Trailing rivals, Mexico ruling party candidate insists he can win

Trailing rivals, Mexico ruling party candidate insists he can win
AFP

Mexico City (AFP) – Jose Antonio Meade, the presidential candidate trying to keep Mexico’s deeply unpopular ruling party in power, insisted Wednesday he can still win the July 1 election despite trailing in the polls.

Meade, a well-respected former finance and foreign minister, is struggling under the baggage of the Institutional Revolutionary Party (PRI), which is so disliked in Mexico these days that it tapped a non-party member as its presidential candidate for the first time in its 89-year history.

After nearly six years of corruption scandals and brutally violent crime under President Enrique Pena Nieto, most voters appear to be looking for change — either a radical one, in the form of fiery leftist Andres Manuel Lopez Obrador (widely known as AMLO), or a more moderate one, in the form of conservative Ricardo Anaya.

Recent polls give Lopez Obrador just over 30 percent of the vote, with Anaya in the 20s and Meade in the teens.

That scenario would make AMLO the winner in Mexico’s first-past-the-post election system — a prospect that makes the business world and the political establishment nervous.

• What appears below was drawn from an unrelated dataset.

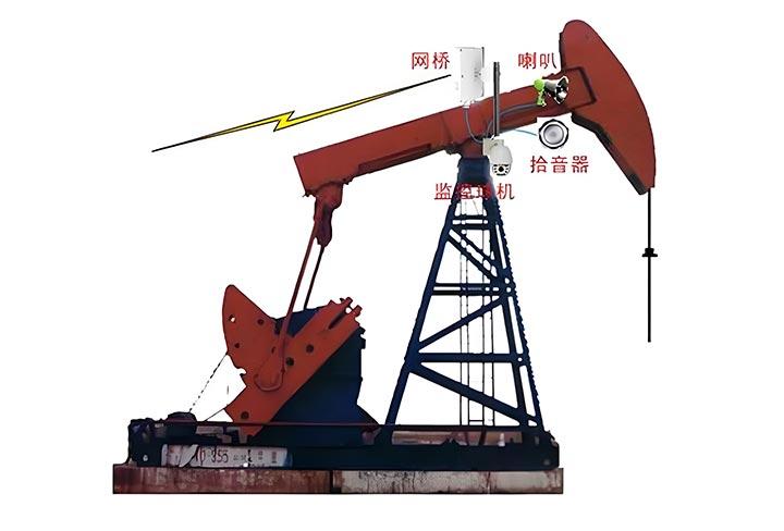 前端采油井場安裝高清網絡球機,同時在音頻輸入輸出位置接入喇叭和拾音器。網絡球機可直接接入網橋的數據接入口,圖像用無線傳輸至監控中心以后可實現監控中心對前端井場的聲音采集,并可對現場進行喊話。

Meade insisted Wednesday his rivals are only ahead because while he was busy serving the country, they were in permanent campaign mode — Lopez Obrador as a two-time presidential runner-up, Anaya as the former leader of the National Action Party (PAN).

Meade vowed a turnaround once campaign season officially opens on March 30.

“The campaign hasn’t even started yet,” he said at a briefing with foreign correspondents.

“Honestly, given that we started from zero, as a candidate who had never been on the ballot and never appeared in a campaign ad, we’re starting the race in a very competitive position. It would have been impossible to start any better.”

He said that while the PRI is being punished as the party in power, voters are also fed up with Lopez Obrador’s party, Morena, and Anaya’s PAN.

“They’re not just angry with one party. They’re angry with all of them,” he said.

Meade, 48, has to walk a fine line between disowning and defending the unpopular Pena Nieto.

He praised the outgoing administration for leaving a “transformed Mexico” through sweeping reforms in sectors such as energy, education and telecommunications.

But he also admitted shortcomings, especially on the issue of crime.

“I recognize and assume responsibility for the fact that we’re in bad shape in terms of security,” he said, after 2017 set a record as the most murderous year ever in Mexico, with more than 25,000 homicides.

But he slammed a proposal by Lopez Obrador to grant amnesty to drug traffickers as a “bad idea.”

He put forward a his own proposals to fight the violence blamed on the country’s powerful drug cartels, including a crackdown on gun trafficking and massive investment in the country’s police.